Para Stein, sostiene Ferrer, si pudiésemos integrar este nuevo concepto llamado “sí mismo”, “se obviaría la separación scheleriana entre el yo y la persona, en la medida en que el yo dispondría entonces, gracias al sí mismo, de un espacio interno de movilidad y la persona, por su parte, encontraría en el sí mismo su consistencia (Bestand)” (Ferrer, 2002, p. 61).
Por ello, el sí mismo es para Stein la instancia a partir de la cual el yo humano transita hacia la persona individual. “El sí mismo es […] la materia que el yo ha de conformar, pero no siéndole ajena, sino como un resto de opacidad situado en su interior y que el yo va sucesivamente esclareciendo” (Ferrer, 2002, p. 61).
Con todo ello podemos ver que el sí mismo se refiere las cualidades y disposiciones que están contenidos en el alma individual y que, si las circunstancias lo permiten, el yo puede desarrollar libremente. Pero, ¿Qué es aquello que hay que formar? “Lo que el hombre tendría que formalizar sería toda su naturaleza animal. Y el resultado de esa formalización sería el hombre totalmente desarrollado, plenamente formalizado como persona” (Stein, 2003, p. 96). En otras palabras, el sí mismo es aquello que el yo debe formalizar a partir de las propiedades de su alma. Así, no es posible separar al yo de su alma, no están yuxtapuestos sino que son inseparables. “Un yo personal forma parte del alma humana; este yo habita en ella, la abraza y en su vida, su ser se hace presente, vivo y consciente. El yo humano es tal que su vida surge de la profundidad oscura de un alma” (Stein, 1994: p. 444).
Para Stein, incurren en un error quienes piensan que “el yo personal es más importante que el mundo entero”, o quienes se pierden en sí mismos cuando se repliegan hacia su interior y se olvidan de lo externo, porque echan de menos que “lo que se capta en esta percepción y esta observación interiores, son fuerzas y capacidades para actuar en el mundo” (Stein, 1994, p. 456). En realidad el conocimiento personal, que es precisamente de lo que estamos hablando, entre más profundo es, debería verse reflejado en la vida práctica de la persona humana. Es decir, su compromiso racional como persona lo lleva necesariamente a forjar su carácter. Si la persona posee unidad, hay que decir que se trata de una unidad en expansión.

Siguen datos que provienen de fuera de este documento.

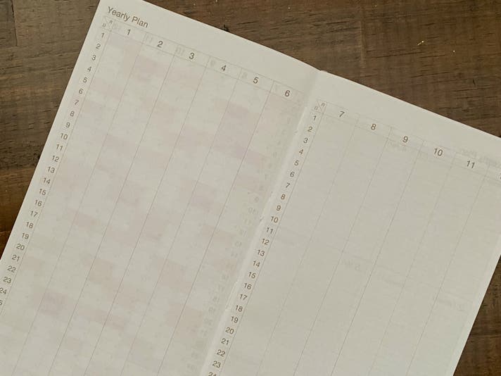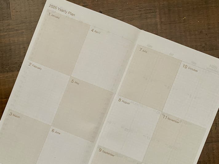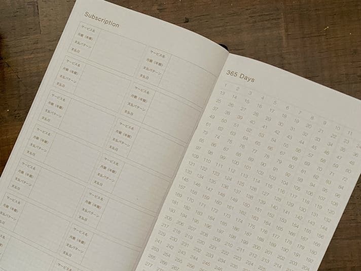 月間と年間が複数あったり、ふりかえり、365マスなど、多種多様なフォーマット。どれもシンプルで汎用性が高く、活用したくてうずうず…!思いついたことを試しながら、自分だけの1冊になっていく過程を楽しんでいます。

En su despliegue, la persona como centro dinámico, “[…] va dando forma a la conciencia de sí, en la que se expone el yo, al conjunto disposicional de su sí mismo, que denominamos ethos o carácter, y al cuerpo, que la persona convierte en expresión e instrumento suyo” (Ferrer, 2002, p. 63). Por estas razones Stein sostiene que “La oscuridad del alma que puede iluminarse permite comprender que el conocimiento de sí (en el sentido de conocimiento del alma) debe concebirse como una posesión que aumenta poco a poco” (Stein, 1994, p. 444). Así, el hombre, como ser personal y espiritual, es libre. Y esto es esencial, no accidental.
De alguna manera esta autoconfiguración personal, a la altura de 1932 en adelante, encuentra fundamento en la teoría del acto y la potencia, y revela el hecho de que se descubre existiendo el hombre en su realidad temporal y, por tanto, finita, como ser en el mundo. Por estas razones hemos indicado que el hombre es responsable de sí mismo.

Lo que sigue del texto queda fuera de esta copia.